Young British Muslims should realise that extremists like Jihadi John are not honouring Islam

It was one of the most vomit-making TV interviews I have ever seen, and at first I simply dismissed it. Surely no one would believe such rubbish; and then I reflected – and of course I saw that Cage and other apologists are by no means idiotic. You and I can see through their lies, but there are thousands, if not millions, who are more suggestible and who are willing to see things that way. The Cage people are pandering to a section of the audience that is frighteningly large, and growing. We need collectively to demolish their myths; and to do it fast.


We need a proper security response. We need to be able to monitor these vipers nursed at the breast of the British state: their movements, their communications, and sometimes we need to be able to separate them from others who could aid and abet their plans. In so far as the Lib Dems are still being obstructive, they must be overwhelmed.


Then I am afraid that we must accept that Isil still has the charisma that goes with military victory. They have money, oil, huge tracts of land – flats and material comforts with which to bait the deluded girls from Bethnal Green, who think they are going out to meet a religious and gun-toting version of Brad Pitt. We need to come up with a way of beating them – and given the understandable public revulsion at the thought of British boots on the ground, we need to work harder at backing the Kurdish Peshmerga, and persuading the Sunni military that it is in their interests not to collaborate with the terrorists, but to drive them out.



Yet none of these solutions will be any use unless we also change the way these people are sometimes viewed, and especially by young Muslims growing up in this country, whether in London schools or anywhere else. We need to debunk these jihadists and their phoney ideology. There is nothing pure or honourable in their barbaric subculture – of rape camps, throwing gays off cliffs and burning people alive in cages.


They are not even religious: many are said to have a very sketchy knowledge of the Koran. They are hopeless hypocrites who claim to despise the West but who pathetically wear Nike trainers and daub their temples with expensive Chanel cologne (Egoiste, appropriately, the preferred aroma). Many of them are losers: twits, twerps and misfits who are hopelessly caught up in a mobile-assisted pornography of violence.


Above all, we must stop this fateful elision – encouraged by the likes of Cage – between this jihadism and Islam. The other day I pointed out that many of these young men are – according to the security services – heavy users of porn. I was astounded to be denounced, on the front page of The Guardian, by the Muslim Council of Britain. A spokeswoman said that I was somehow attacking Muslims as a whole. Why on earth would she say that? Why is the MCB effectively claiming these porn freak jihadists for mainstream Islam?

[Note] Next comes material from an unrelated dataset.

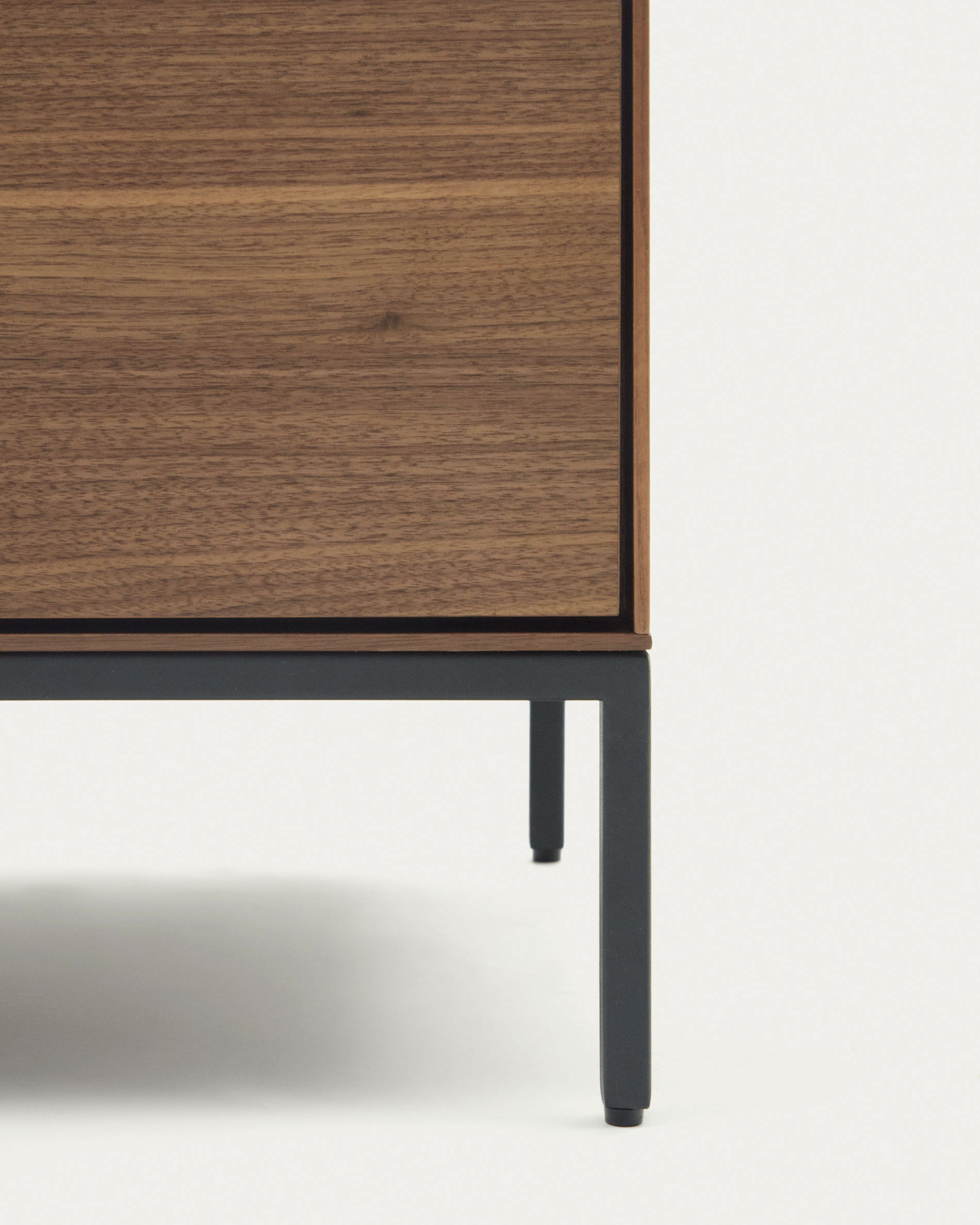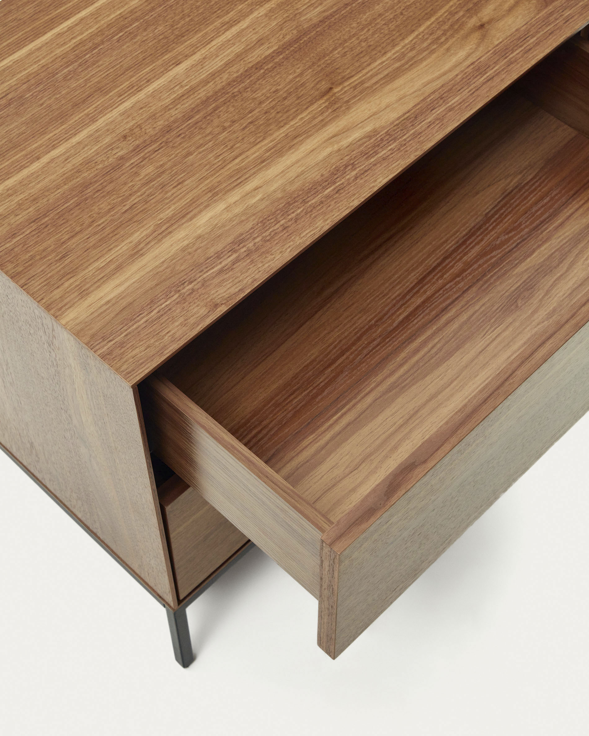 Vedrana bedside table, 2 walnut veneer drawers, and black steel legs, 60 x 55 cm
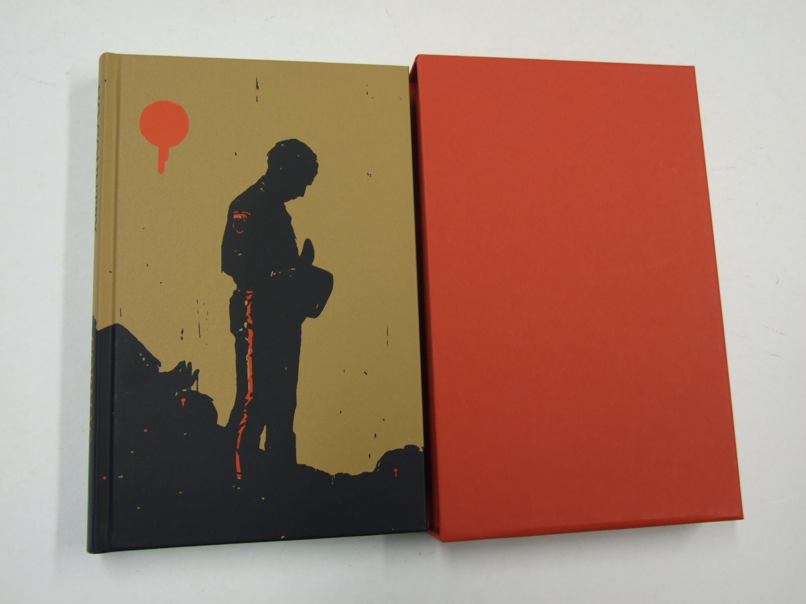 McCarthy, Cormac - No Country for Old Men (Published in by The Folio Society in 2023. Illustrated by Gérard DuBois. Cormac McCarthy's sparse and beautiful writing is perfectly mirrored by Gérard DuBois's hauntingly understated images for this Folio Society edition of the Western thriller No Country for Old Men. With his pale blue eyes and dead stare, McCarthy's villain Chigurh remains one of modern fiction's most memorable bad guys. Set in West Texas, No Country for Old Men unfurls from the bloody aftermath of a clash of cartels, a deal gone wrong, and a very, very bad decision. Audiences remain captivated throughout by the stone-cold killer at the heart of McCarthy's cinematic Western. Gérard DuBois, whose illustrations for Folio's The Road won him the Moira Gemmill Illustrator of the Year Prize at the V&As, returns with his signature style that so perfectly complements McCarthy's writing. His masterfully chosen colour palette paints scenes in black-and-white or faded desert hues, shot through with splashes of blood red. Through seven quietly arresting images, DuBois nods to traditional Western artists while capturing a stillness, often in the aftermath of violence or the tension of waiting. Bound in cloth screen-printed with a design by the artist, the cover art is muted yet beautifully rendered in dusky ochre. When you look closely, you glimpse the startling body count reached by the end of McCarthy's modern Western masterpiece of American literature. Bound in screen-printed cloth. Set in Maxime. 224 pages. Black & white illustrated title-page spread plus 6 colour illustrations. Plain slipcase. 9" x 5.75". )

I believe – and I certainly want to believe – that this jihadi madness is rejected by the overwhelming majority of Muslims; and yes, I was dismayed by the recent BBC poll in which 27 per cent said they had “some sympathy with the motives behind” the Charlie Hebdo shootings. But, then, there was no control sample of the rest of the non-Muslim population, and I am afraid that there are plenty of non-Muslims who found the cartoons offensive, and plenty of readers of this paper who object (rather more than I would, perhaps) to needless insults to religion.



I seem to remember that Pope Francis himself was asked what he thought of the motives behind the shootings, and said: “If you swear at my mother, expect a punch.” That would put him pretty firmly, I think, in the 27 per cent. The point is that neither he, nor Telegraph readers who disliked the Charlie Hebdo cartoons, nor the overwhelming majority of Muslims would want to see that emotion – taking offence – translated into violence of any kind.


That is why it is vital to insist, time and again, on the difference between this sick jihadism and Islam; and that is why, conversely, we must do everything we can to stop the likes of Cage – and indeed the MCB – from eliding anti-jihadism with Islamophobia. You can loathe jihadists, in other words, and be perfectly sympathetic to Muslims.


It is obscene, looking at their defence of Emwazi, to think that Cage have been taking money from charities such as the Anita Roddick Foundation and the Joseph Rowntree Foundation. They should stop apologising for terror, and start apologising to the victims.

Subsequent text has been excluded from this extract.